この部品を開発するエンジニアに言わせると、ハンドルをまわすたびにカサカサという擦過音(さっかおん)が当初発生し、その対策に苦心したとのことだ。
水の入ったバケツを横にぐるぐる振り回すと、水が底のほうに集まり重量に逆らって水がこぼれない・・・ということは子供のころ経験しているはず。
これと同じ理屈でサーキットを速い速度で走行すると燃料が燃料タンクの一部に片寄り燃料ポンプが吸い上げなくなる恐れが出る。そこで、燃料タンク内にもうひとつサブのタンクを付け、ガス欠状態を防ぐという仕掛けがレーシングカーなどには、なかば常識的な構造。
この仕掛けを市販車に付けているのが、レクサスISF。
ガソリンタンク自体は樹脂タンクではなく旧来のサンドイッチ鋼板と呼ばれる金属製なのだが、サブタンク付きというのが斬新である。
このクルマには、強い横Gがかかったときにエンジンオイルがオイルパンに戻りにくくなるのを防ぐ目的でシリンダーヘッドにスカベンジング・ポンプを備えてもいる。
このレクサスISFは、世界のサーキットを走りこんでつくり込んできたクルマだけに、ふつうのクルマにはない仕掛けがあるのである。速度計は300㎞/hまで表示され、エンジンはV型8気筒5.0リッター。ホイールは19インチの鍛造製である。
ちなみに価格は税込みで766万円だそうです。
レーダーで前方のクルマや障害物を認識し、衝突する危険があるとブザーや警告灯でドライバーに警告。さらにブレーキを作動させ、車両速度をダウンさせる・・・といったプリクラッシュセーフティ・システムは、徐々にいろいろなクルマに採用されつつある。
今回デビューしたマツダのアテンザには、プリクラッシュセーフティのほかに、「リアビークル・モニタリング・システム」という安全性能がメーカーオプションで選べる。
時速60キロ以上の高速走行時に、隣接する左右車線のドライバーのブラインドスポットを走行する車両、後方から接近する車両を左右のレーダーが検出。フロントピラーの内側のLEDを点灯させドライバーに知らせる。

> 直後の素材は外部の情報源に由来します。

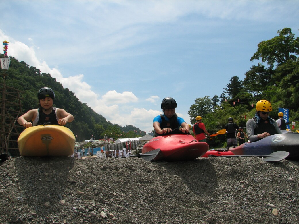 我々には、一年で一番過酷な時期となります。 長瀞っていう土地柄(一応観光地)思い立ったが何とやらで、直前申込みが殺到してくるんですねぇ。 常連の皆さん!お願いだから、皆さんだけは、早めに電話下さい!さもないと、体験コースでスケジュール埋めちゃいますから(笑 なんてことはさておいて、今日はベーシック2 今はまだ、静かな荒川ですが! 来週は人がイッパイ来ますよぉ 数日前の夕立ちでまっ茶色に濁った水も涼しげな色に変わってきました! この季節は、午後になると水温がググーッと上がってくるので、気持ちいいのは、やっぱり午前中ですねぇ ちょっとお知らせ 明日は当日受付はありません!ベーシック2のみ数名参加できます。(今のうちですよ!)

この状態で、ドライバーがウインカーを操作した場合、LEDが点灯するとともに警告音を発し、車線変更の中断をうながす仕掛け。これでヒヤリ事故がなくなるというわけである。
ちなみにアテンザは排気量2リッターと2.5リッターがあり、価格は税込みで207万円からだ。
ダミー(DUMMY)は、替え玉という意味もあるため、悪いケースで使うことが多いが、自動車の安全実験での世界では、実際のヒトに替わって大活躍する貴重な存在。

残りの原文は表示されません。